異なるパソコン間でのファイルの同期ができるサービスの一つ、dropboxを利用しているが,Macでいつまでも同期が完了しない原因を特定した。犯人は古いKeynoteのファイルだった。

現象としては、dropboxがindexファイルを作成していて、それがいつまでたっても終わらないというものであった。そのうち終わるだろうとたかをくくっていたが、1ヶ月以上たってもおわらない。

幸い、dropboxで同期が終わっていないファイルや、そのファイルを含むフォルダには、その旨を示すバッチがつく。それを目印に探ってみると、いずれも古いKeynoteでつくったファイルだった。しかも、それらはいずれもKeynoteで開けることすらできず、ファイルが壊れている旨表示される。また、あいにくTimeMachineのバックアップファイルも今年の6月からという比較的新しいファイルからしか残してなかったため,以前と比べてファイル容量が小さくなったなど,ファイルが壊れているかどうかの目安の情報も手に入らなかった。

試しに同期できないファイルについて、パッケージの内容を表示してみた。そうしたところ、いくつかの構成ファイルで、所有者がrootになっており、使っていたユーザーアカウントでは開けない状態になっていることが判明した。

そこで、sudo chown -R kuono * とおまじないをかけ、所有者を変更。これで新しいkeynoteでもそれらのファイルを開けられることを確認し、しばらく放っておいたところ、dropboxでも同期が完了した。めでたし、めでたし。ちなみに、-R とは、再帰的に子フォルダの中のファイルもchownを適用するためのオプションである。

以上、自分の覚え書きとして。

[IT]イメージのスキャンその後

昨年末,Time Machine 用ディスクのバックアップをとる話を掲載したが,その時によくわからないままやっていたイメージのスキャンの謎が判明した。

イメージのスキャンの実体は,コマンドの asr ,Apple Software Restore の イメージスキャンという機能とのこと。man コマンドで説明を見てみたら,こんなことが書いてあった(多少意訳あり):

与えられた(ディスク)イメージ上にあるデータのチェックサムを計算し,そのディスクイメージに計算結果を追記する。この計算結果は,復元が正しく行われたか否かの検証に使われるとともに,マルチキャスティングの場合にディスクイメージが順番通りに並んでいるかどうか,あるいはファイルが順番通りに再書き込みされたか否かの検証にも使われる。イメージの並び直しが必要である場合,スキャンされるディスクイメージと同容量の空きスペースが必要である。

なるほど,スキャンをするというと単にデータを読み取っているだけという意味に解釈していたんですが,書き込みの準備作業をしていたんですね。

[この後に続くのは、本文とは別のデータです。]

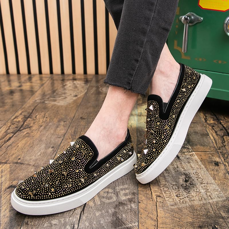 More information about latest Luxury Designer Men's Hip-hop Slip On Platform Embroidery Rivet Causal Shoes Flats Male Rock Punk Loafers Zapatos Hombre

でもだとしたら,復元の手順が複雑にならないよう,復元の指示一発でスキャンと復元をしてくれたらいいとも思うのですけど…。

[IT]クラウドの世界

先日よりDropBoxというサービスを使い始めた。複数のコンピュータ間でファイルの同期をネットワーク経由でとってくれるサービスで,Mac OS XやWindows, Linuxの間で一貫性を保ってくれる,大変便利なものだ。年間1万円くらいの費用はかかるが,それくらいの価値はあると思う。

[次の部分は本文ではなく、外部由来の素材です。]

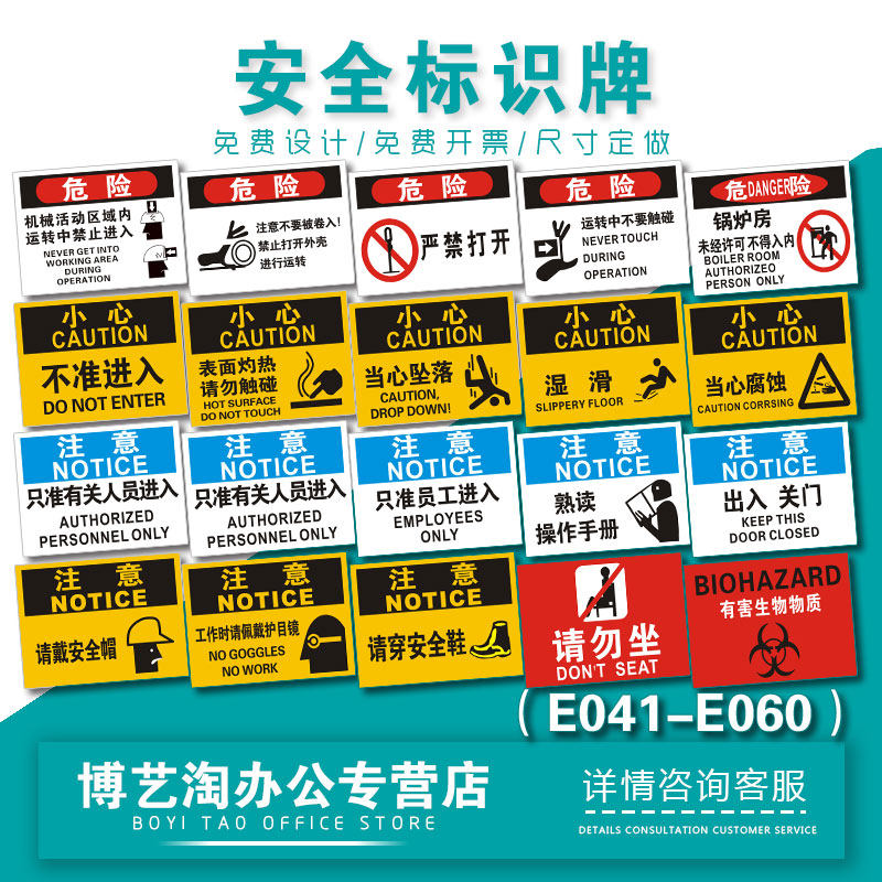 注意禁止打开有害生物危害只准相关人员进入出入关门危险请勿坐 安全标识标识标志提示警告警示牌子E041-E060

Macをずっと使ってきたので,Apple社が提供している同じようなサービスの MobileMe を本来ならば使いたい所だが,今の所,DropBoxのほうが,使いやすい。DropBoxのほうが,リアルタイム性が高く,一つのパソコンでのファイルの変更が早く他のパソコンに反映される。

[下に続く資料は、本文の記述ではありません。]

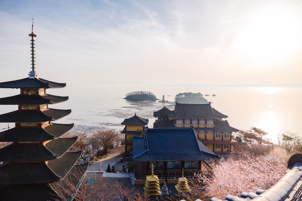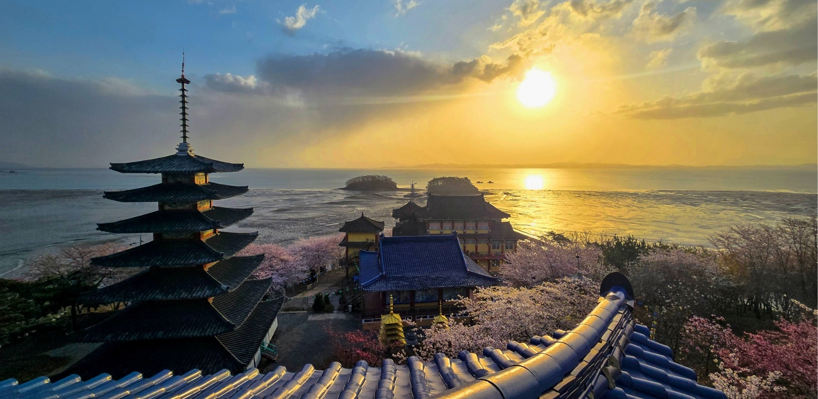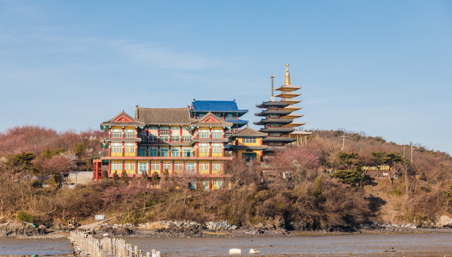 충남 태안군 안면읍에 위치한 안면암은 대한불교조계종 금산사의 말사로, 역사는 비교적 짧지만 많은 여행자들의 필수 방문 코스로 사랑받고 있어요. 그 이유는 바로 사찰 앞에 펼쳐지는 서해 바다 풍경 때문인데요, 바다 위에 떠 있는 듯한 특별한 분위기의 사찰은 단번에 시선을 사로잡는답니다. 독특하게도 3층 구조로 지어진 안면암은 극락보전, 비로전, 나한전 등 층마다 다른 법당이 자리하고 있어요. 이국적인 사찰 구조와 바다 풍경이 어우러지면서 마치 해외 어딘가에 있는 사찰 같은 느낌도 준답니다.

MobileMeのいいところはファイルだけでなく,コンタクトリスト(連絡先)データや予定データを共有できる所だが,異なるOSの間で同期をとっていると,整合性がとれない場合も出てくるようだ。この点,連絡先の利用はMac または iPhone のみ,予定データはGoogleカレンダーを中心にMacやWindowsに展開という対応の方が齟齬がすくなさそうなので,そうしている。

ITクラウドなんて,自分には縁のない世界だと思っていたが,データをネットワークの向こう側においておくという点では,すっかりはまっている。セキュリティの確保という点でまだ甘いという問題はあるが,いずれ解決されていくのだろう。